In my response, I said that this was bound to happen considering that the fourth industrial revolution will largely be driven by digital transformation and these top companies are readying themselves to drive the future with emerging technologies such as blockchain, artificial intelligence, Internet of Things and many others that will facilitate unprecedented gains in productivity.

Our minds seemed to have converged on this but we sharply differed in his last question.

He wanted to hear my views on the following: Q1/2018 has seen a confluence of data concerns, regulatory threats, a stock market wobble or two, and a pedestrian fatality involving a driverless car. Is this random background noise or an inflexion point in acceptance of the tech revolution?

Without a doubt, I responded that this was all noise, explaining that no entrepreneurial idea comes fully formed. Virtually all the inventions go through iterations before we get it right if we ever.

As part of the my strategy to avoid such questions as data concerns that have made Facebook founder Zuckerberg to appear before the US Congress, I wavered into explaining the development of Ford cars in their formative stages.
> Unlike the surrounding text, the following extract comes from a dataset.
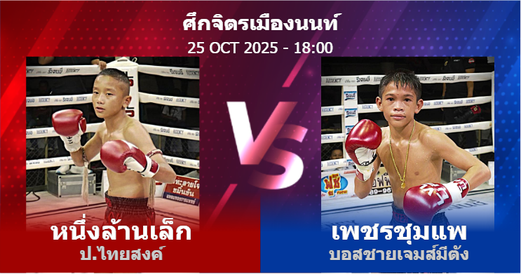 25/10/2025 16:30 ศึกจิตรเมืองนนท์ หนึ่งล้านเล็ก ป.ไทยสงค์ เพชรชุมแพ บอสชายเจมส์มีตัง

Before Ford got to Model T that seemed to work efficiently, many people had died in some of the contraptions they had created but the company managers were resilient.

As such, I said, we must give time for driverless cars to function, as I will be delighted to read a newspaper on my way to work as the car finds its way to my workplace.

LIFELONG LEARNING

He quickly cut me short and said I should employ a driver. I wanted to tell him that such populist statements hinder innovation but I didn’t. But I now realise that he could very well be an unwitting ideologue for atavism.

Technology has always created more jobs than the ones it destroys. The difference is that humanity has to embrace lifelong learning to adjust to environmental changes.

It must not be cast in stone that you will always be a lawyer if you trained as one.

If technology creates opportunities for environmental experts, then we need to retrain and align ourselves with opportunities that exist. After all horse carriage owners resisted the advent of motor vehicles for more than 20 years until cities began to ban them because of manure and dead animals left in the road.

I enjoyed the interview and I wish we had more time to respond even to the more controversial issues of our time.